AUBURN — Among the numerous stories about bells being pulled from St. Louis Church last fall, the story about the bells’ proximity to world history is one of Al Manoian’s current favorites.

The four bells were cast in 1915 at a foundry in Annecy, France, to the specifications of the New Auburn church and it’s Franco-American parishioners.

“This was a time when France was exploding, with World War I breaking out,” said Manoian, Auburn’s economic development specialist.

“The Lusitania was torpedoed in May 1915, coming across the North Atlantic,” he said. “These bells came across that same place later that fall and winter. It’s amazing they even arrived and got to our country. The Germans were torpedoing ships right and left, and these bells should have been at the bottom of the ocean.”

But they made it and survived in fine shape for 98 years. They were removed from the decommissioned church in November and are being stored at Cote Crane’s warehouse.

“They are an economic asset to the community and to that neighborhood,” Manoian said. “They need to be back in that place, that context where they are most important.”

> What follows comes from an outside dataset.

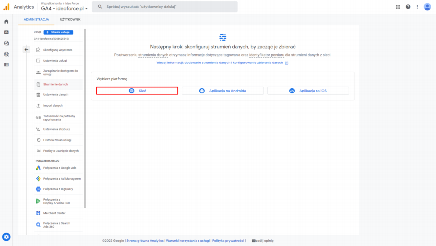 GA4 w przeciwieństwie do GA3 nie posiada widoków, ich miejsce w strukturze konta zajęły strumienie danych, czyli w skrócie źródła, z których dane przesyłane są do Google Analytics. Nowa usługa pozwala na skonfigurowanie strumieni danych z 3 platform: Witryny, Aplikacji na Androida oraz Aplikacji na IOS. Dziś pominiemy aplikacje i skupimy się jedynie na witrynie internetowej. Przejdź więc do konfiguracji platformy „Sieć”.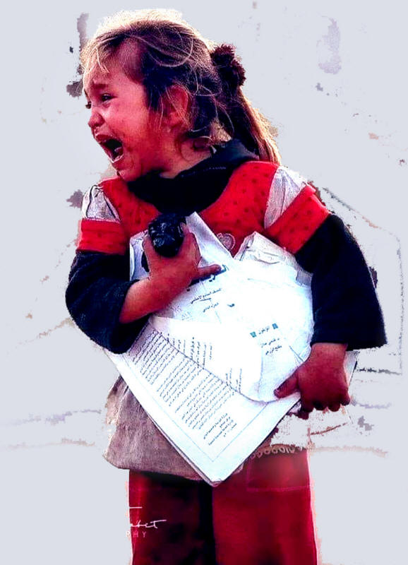 Dieses Foto eines kleinen Mädchens in Gaza galt als das weltbeste. Obwohl ihr Zuhause zerstört wurde, hat sie nur ihre Schulhefte mitgenommen.

The bells were supposed to be on display in front of the library during Thursday’s presentation about the state of downtown Auburn. It was going to be the first public display since they were removed and a kickoff to a fundraising campaign to keep them in the community.

Winter scuttled that plan.

“The harsh conditions, the ice and the snow at the site just determined that it would be safer for people and the bells if we don’t have them on site,” Manoian said.

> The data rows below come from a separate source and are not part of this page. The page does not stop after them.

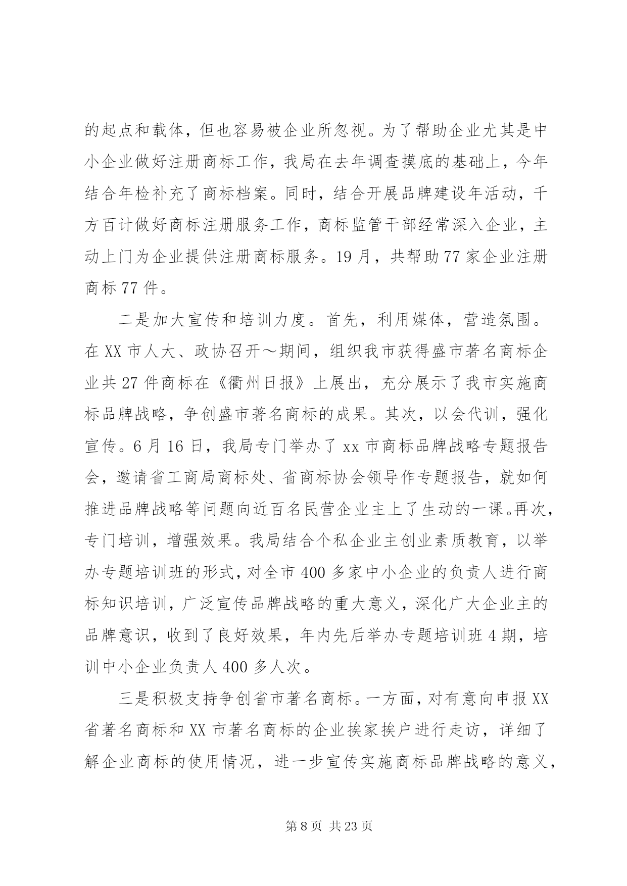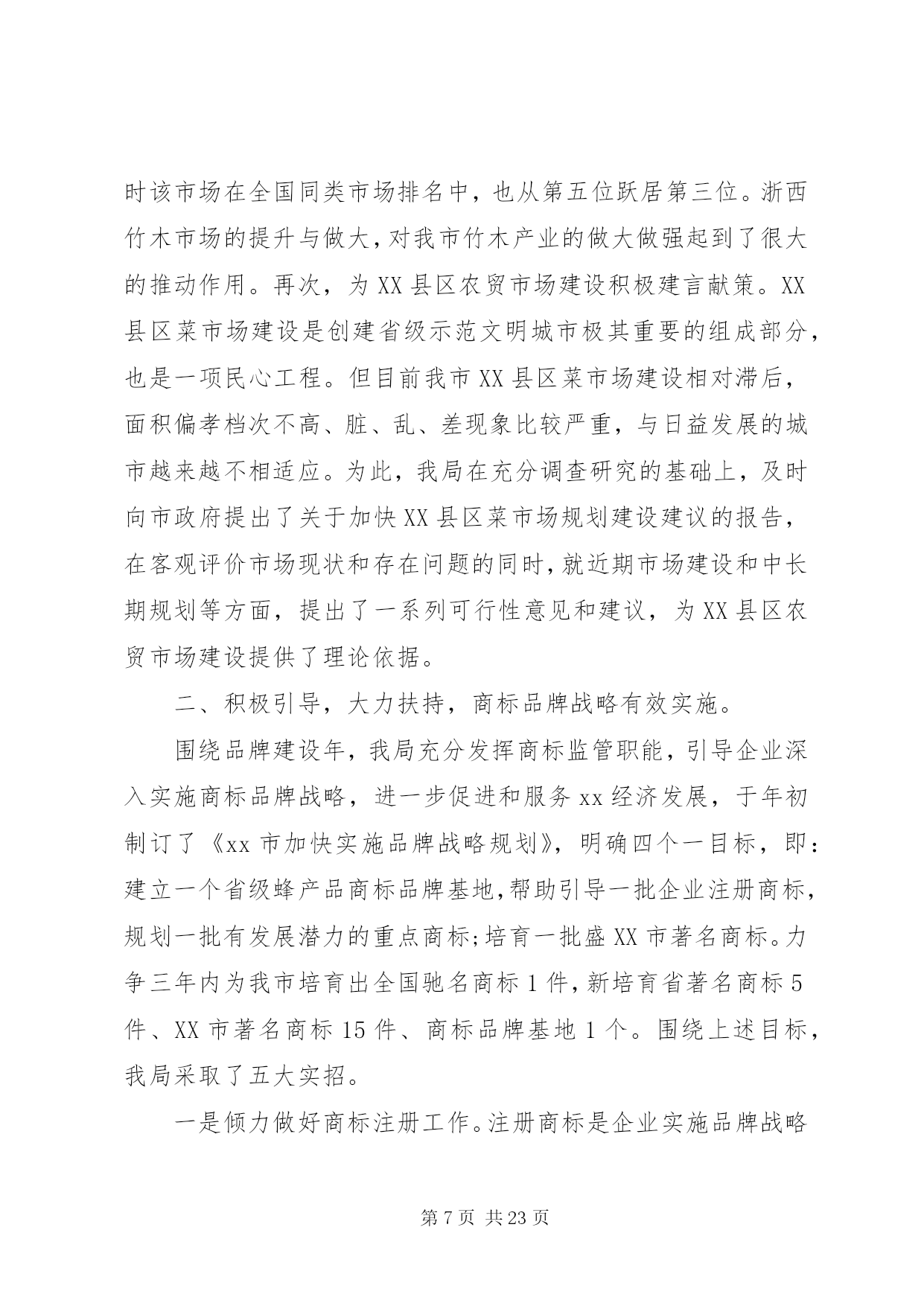 第PAGE\*Arabic\*MERGEFORMAT23页共NUMPAGES\*MERGEFORMAT23页工商所20XX年党支部工作计划xx工商所党支部工作计划范文一:萨依布衣工商所党支部在市局党总支的领导下,以邓小平理论和quot;三个代表quot;的重要思想为指导,以科学发展观为统领,以党的先进性建设为重点,不断加强支部建设、干部队伍建设和党员队伍建设。充分发挥支部的战斗堡垒作用和党员的先锋模范作用,树立党在群众中的良好形象,形成一股凝心力,深入群众,组织群众,永葆党的先进性。一、积极发挥支部的核心作用。1、加强领导班子思想政治建设,深入开展发展型领导班子创建活动。以加强工商所领导干部的思想作风建设为重点,不断丰富活动内容和活化活动形式,来提高班子成员的理论修养和开拓创新能力。2、加强支部建设增强党支部的凝聚力和战斗力。坚持领导班子民主集中制原则,认真开好班子成员民主生活会。3、加强党建工作,保持共产党员先进性教育成果,继续开展责任区工作,做好干部的思想教育,把党的温暖送到干部的心中。二、加强党员的教育管理。1、以学习贯彻党的xx届六中全会和自治区第八次党代会精神为主线,结合科学发展观理念,加强对党员的思想政治教育。重点抓好quot;三会一课quot;、民主评议党员和所班子建设。2、持之以恒地抓好党员干部的理论学习。结合quot;读书年quot;活动,有计划地开展党员干部理论学习,在学习中不断完善各项学习制度。注重调查研究,理论联系实际。3、发扬党员全心全意为人民服务的思想。关心年老、体弱和生活有困难的群众,及时上门进行慰问,排忧解难。并开展党员助残、扶贫活动。树立共产党员quot;吃苦在前,享乐在后quot;的共产主义精神。5、加强党风廉政建设。班子成员要签定廉洁自律承诺书,率先垂范,做廉洁自律的楷模。6、做好组织发展工作,吸收优秀群众加入党组织,使我党永保活力。三、落实各项规章制度。1、坚持集体领导的原则,重大事情集体讨论决定,充分发扬民主。发挥集体的作用和智慧。2、健全quot;三会一课quot;制,定期召开支委会、小组会。党课年不少于四次。四、促进精神文明建设1、牢固树立quot;两手抓quot;,两手都要硬的思想。做到年初有计划,年中有检查,年终有总结。2、加强宣传力度,充分利用学习日,开展公民道德教育,学习身边的楷模。3、加强对校园周边环境的监管为学生营造良好的教育环境。xx工商所党支部工作计划范文二:20xx年,工商行政管理工作又是一个丰收年。一年来,围绕上级工商部门的重点工作和xx市委、市政府的中心工作,我局以助动发展为主题,以科学监管为手段,以能力建设为重点,全力干事,奋发进取,成效显著。现将主要工作成效、亮点和特色工作总结如下。一、全员联企,全员帮办,个私经济发展亮点纷呈。我局以企业服务年为载体,以市委、市政府提出的跻身全国两百强为目标,刷新举措,强化服务,助动个私民营经济快速健康发展。19月,全市新发展个体私营企业2281户,累计全市有个私企业16467户,实现工业总产值69亿元,完成销售总额83亿元,社会消费品零售额61.17亿元。与去年相比,个私经济发展呈现出三大亮点。一是外贸出口挑大梁。到8月底止,全市外贸出口额达2640万美元,在7家出口额超过100万美元的企业中,私营企业就占了6家,其中的领军人物是xx沃克出口有限公司和xx恒亮蜂产品有限公司,外贸出口额分别达到456万美元和223万美元。二是六六产业异军突起。纺织、服装、机电、竹木加工、电光源、消防器材、羽毛球等六大产业,今年18月累计完成产值53.4亿元,同比增长41.9%,占全市工业产值的55.2%。其中,消防器材产业在六大产业中增长速度最快,同比增长达116%。三是获得省级荣誉称号的企业多。年内我市私营企业浙江贝林集团有限公司和个体工商户马肖宏、周志云等3家个私企业,分别被省委宣传部、省工商局、省个私协会授予20xx年度诚信民营企业、诚信工商户荣誉称号;浙江天蓬畜业有限公司被省知名商号评审委员会评审认定为20xx年度XX省知名商号。个私经济发展之所以亮点纷呈,就工商部门而言,主要是开展了全员联企,全员帮办活动,以大服务促大发展,效果明显。(一)全员联企,建立五个一联系企业制度。一是每名党员干部至少联系1家以上规模企业和10户以上个体工商户;二是在企业年检、个体户验照时开展零距离服务,上门为个私企业提供方便;三是结合工商职能,对联系企业在商标注册、品牌战略、合同订立、信用建设等方面提出一份有针对性的工商行政建议书;四是年内至少为联系企业和个体户办一件实事好事;五是每名党员干部都要记好一本走访企业日记。一年来,我局党员干部与xx余家重点个私企业建立了比较密切的联系,先后将4000多份年检报告书送达企业并指导填写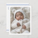Cartões de agradecimentos branco ou qualquer anúncio de nascimento a cores com sua foto personalizada na frente. Mensagem personalizável no verso com bordas azuis leves e poeirentas no topo e na parte inferior. Você pode alterar todas as cores, mover e redimensionar elementos com a ferramenta design.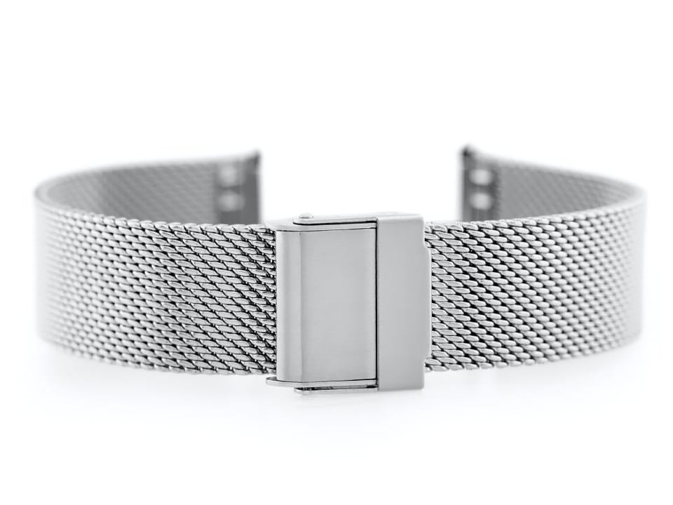 Stalowa bransoletka do zegarka typu 'siatka' wysokiej jakości w kolorze srebrnym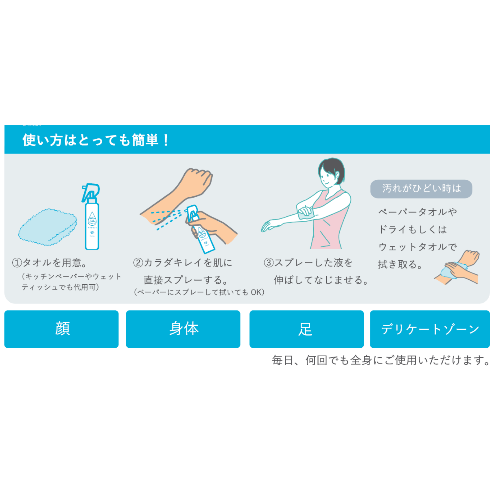スプレーしてさっと拭き取るだけの洗浄型保湿ローション。

Manoian’s public forum on how uninviting and unwalkable the downtown is and how it can be fixed will go forward at 5:30 p.m. Thursday in the Auburn Public Library.

The bells should be on display publicly this spring, however.

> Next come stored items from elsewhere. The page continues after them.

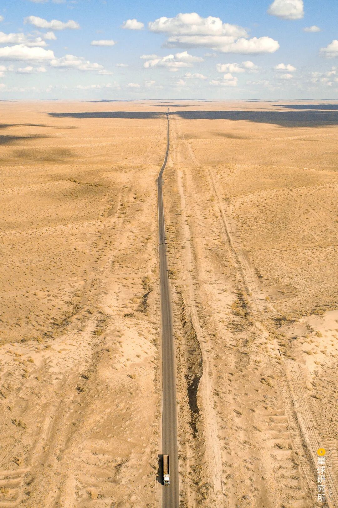 (331国道附近沙漠中的公路,摄影师@在远方的阿伦)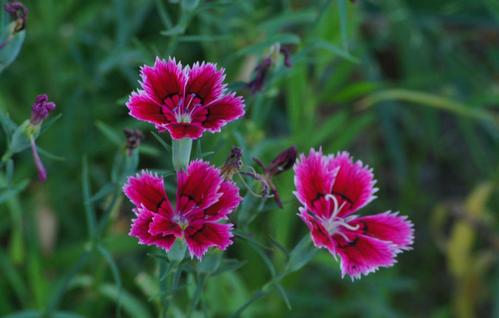 简介:石竹别名中国沼竹、石竹子花,石竹目石竹科石竹属植物。石竹高三十到五十厘米,全株无毛,带粉绿色。叶片线状披针形,顶端渐尖,基部稍狭,全缘或有细小齿,中脉较显。花单生枝端或数花集成聚伞花序。花瓣片倒卵状三角形,有紫红色、粉红色、鲜红色或白色,雄蕊露出喉部外,花药蓝色。花期五到六月,果期七到九月。石竹根和全草入药,清热利尿,破血通经,散瘀消肿,分布于中国东北、华北、西北和长江流域各省区。朝鲜亦有,世界各地广泛栽培。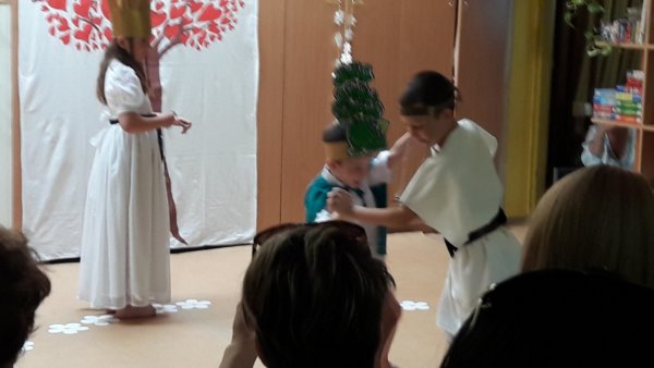 Az azért vicces volt, hogy Toma mint 12 fejű kisebb volt a főszereplőnél 🙂 – a másik két sárkánnyal együtt – de minden évben a vegyes csoport miatt, az iskolába menők viszik persze a prímet az előadáson (csak halkan jegyzem meg, hogy jövőre majd mi, jajjj 🙂 …)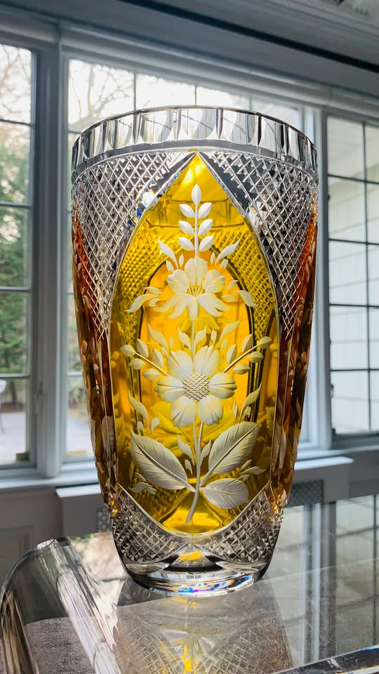 Stunning Citrine/Amber Crystal Vase w/Engraved Floral Motif; 10” x 6.25”; MINT Condition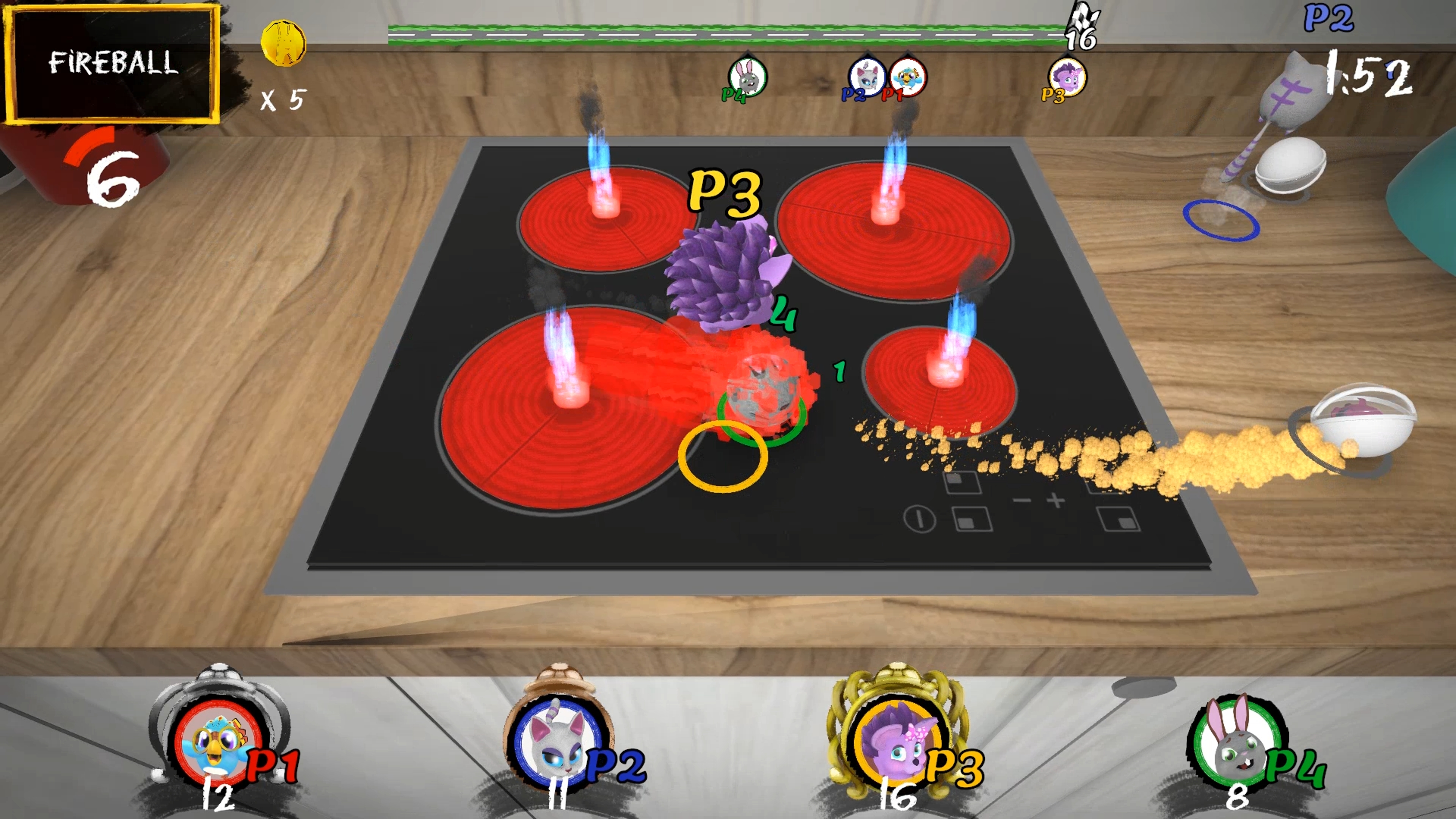 FuzzBall поставляется с 3 различными режимами игры, поддерживающими 1–4 игрока для локальной многопользовательской игры на диване:

“We’ll have a special civic gathering so folks can come out and have their own personal encounters with the bells,” Manoian said.

Most people who have a history with the bells remember hearing them but not seeing them. That’s a shame, Manoian said, because they are beautiful.

“Maybe one in a hundred got a chance to see them before, because they were installed in place,” he said. “That can change now. We’re going to make them public.”

They were cast by the Paccard Bell Foundry in France at the request of local families, the Provosts and the Duponts. Their surfaces are covered with fine details — sculpted faces, Latin inscriptions and scrollwork.

“This is one of the finest bell foundries in the world,” Manoian said. “I flipped when I saw them because I have never seen bells with this level of detail or ornate aesthetics and decoration. They are extraordinary, literally world-class treasures and we have them here.”

He’s working with Museum L-A to raise the money to buy the bells from the Catholic Diocese of Portland and repay Cote Crane for its work removing the bells and storing them. He figures that will cost $12,000. Then, the community can begin working to create a heritage landmark that will house them.

“I don’t think it’s going to be a problem because people are so excited about this already,” he said. “I’ve had people coming up and handing me checks.”

People wanting to help should make their donations to Museum L-A in care of the Bells of St. Louis, he said.